- _EXERCISE BRIEF_
In the listing that follows, print every line exactly and leave the images out.

- _DATA EXCERPT_
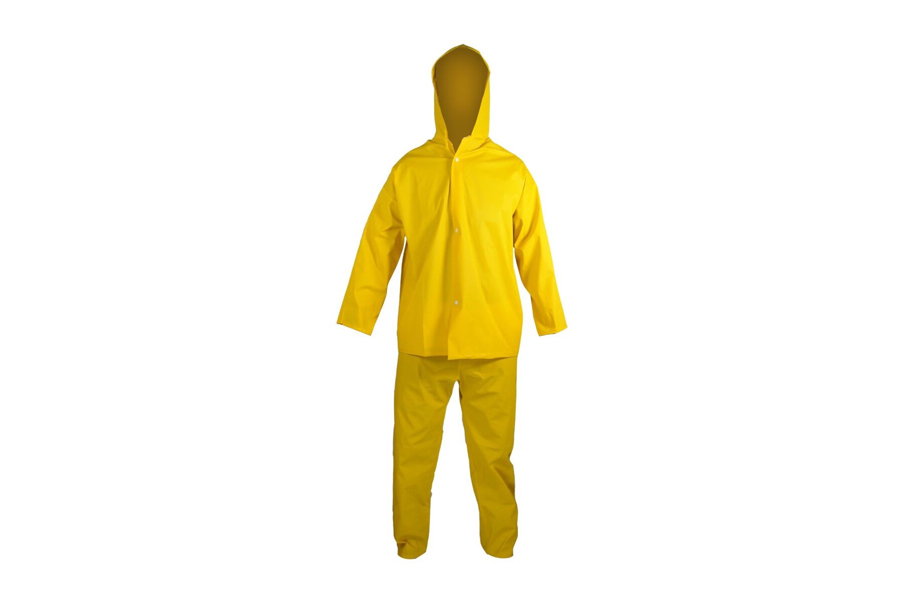 Descrição: Blusão de segurança confeccionado em tecido sintético plastificado com PVC, capuz conjugado, com mangas longas, fechamento frontal através de botões de pressão e costura através de solda eletrônica. Certificado de Aprovação: 28481
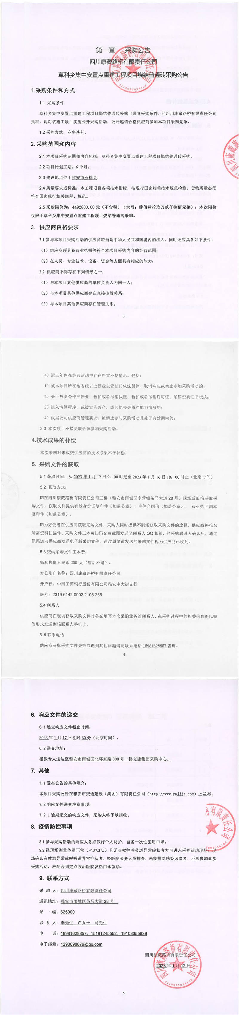 四川康藏路橋有限責(zé)任公司石棉草科鄉(xiāng)集中安置點(diǎn)重建工程項目燒結(jié)普通磚采購公告
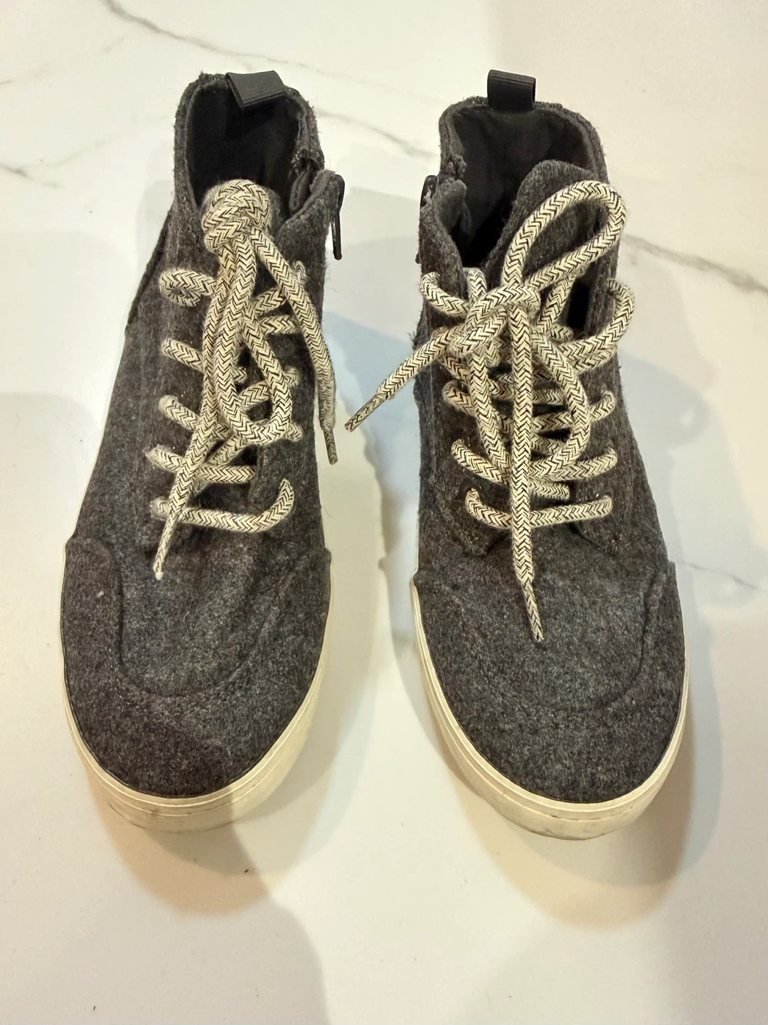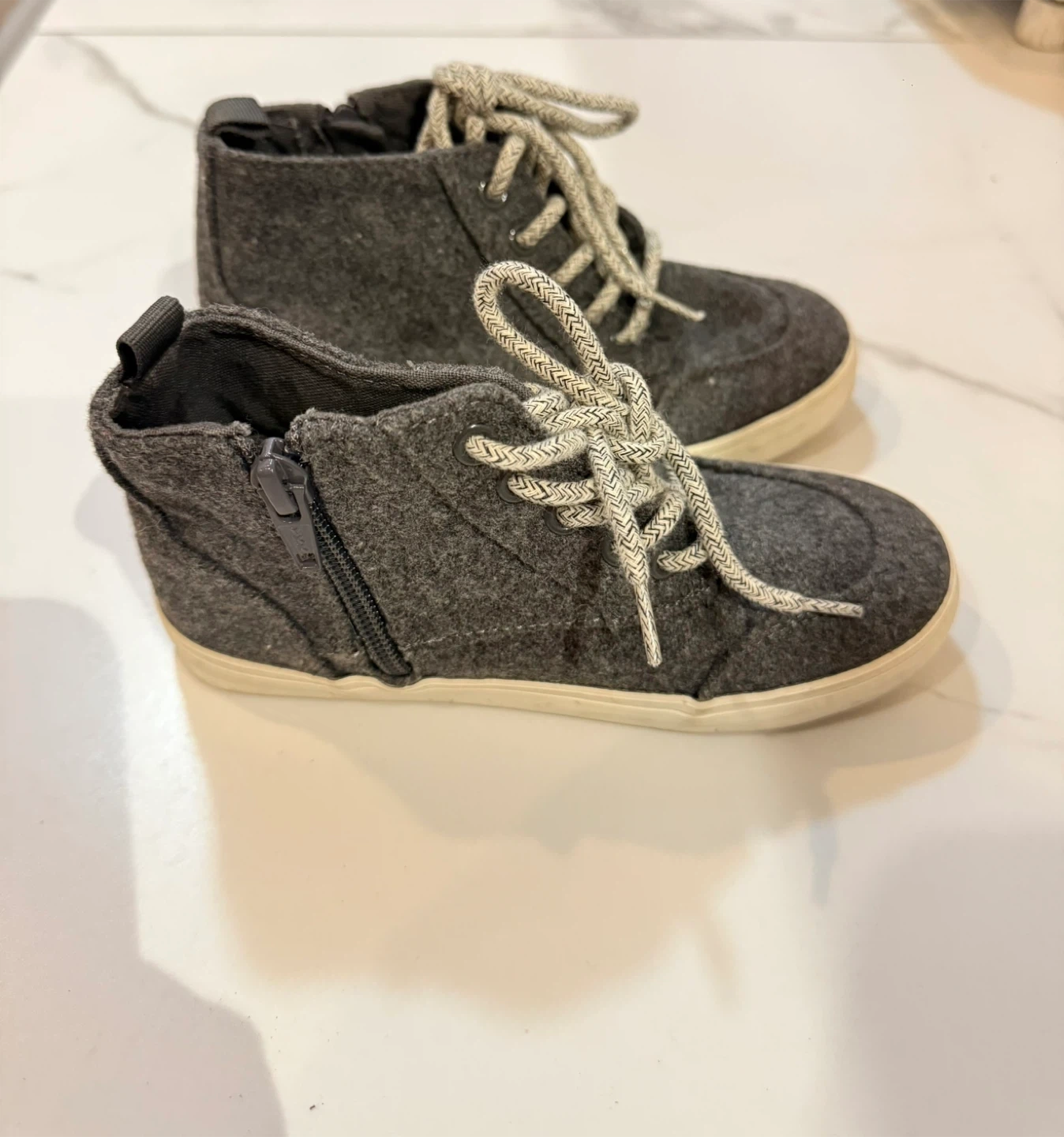 Grey fleece high-top sneakers with laces and a zipper on the side. These shoes are made for comfort and style. The sole is rubber. No wear or tear. From Old Navy.
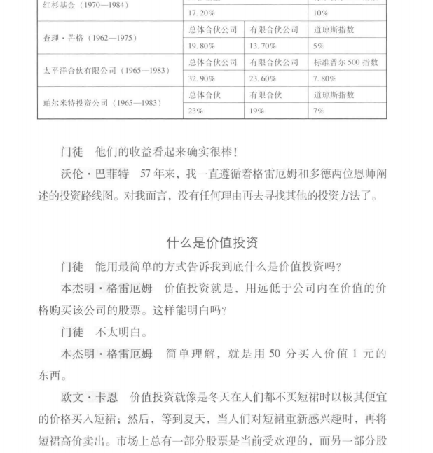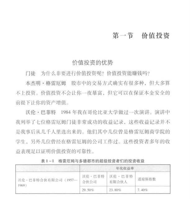 沃伦·巴菲特1984年我在哥伦比亚大学做过一次演讲。演讲中我列举了七位格雷厄姆门徒非常成功的收益记录,这些收益记录并不是我事后从几千人里选出来的。他们其中几位曾是格雷厄姆商学院的学生,另外几位曾经在格雷厄姆的公司工作过。这些投资者多年的收益表现足以证明价值投资的可靠性。

- _ANSWER BELOW_
 Descrição: Blusão de segurança confeccionado em tecido sintético plastificado com PVC, capuz conjugado, com mangas longas, fechamento frontal através de botões de pressão e costura através de solda eletrônica. Certificado de Aprovação: 28481
 四川康藏路橋有限責(zé)任公司石棉草科鄉(xiāng)集中安置點(diǎn)重建工程項目燒結(jié)普通磚采購公告
 Grey fleece high-top sneakers with laces and a zipper on the side. These shoes are made for comfort and style. The sole is rubber. No wear or tear. From Old Navy.
 沃伦·巴菲特1984年我在哥伦比亚大学做过一次演讲。演讲中我列举了七位格雷厄姆门徒非常成功的收益记录,这些收益记录并不是我事后从几千人里选出来的。他们其中几位曾是格雷厄姆商学院的学生,另外几位曾经在格雷厄姆的公司工作过。这些投资者多年的收益表现足以证明价值投资的可靠性。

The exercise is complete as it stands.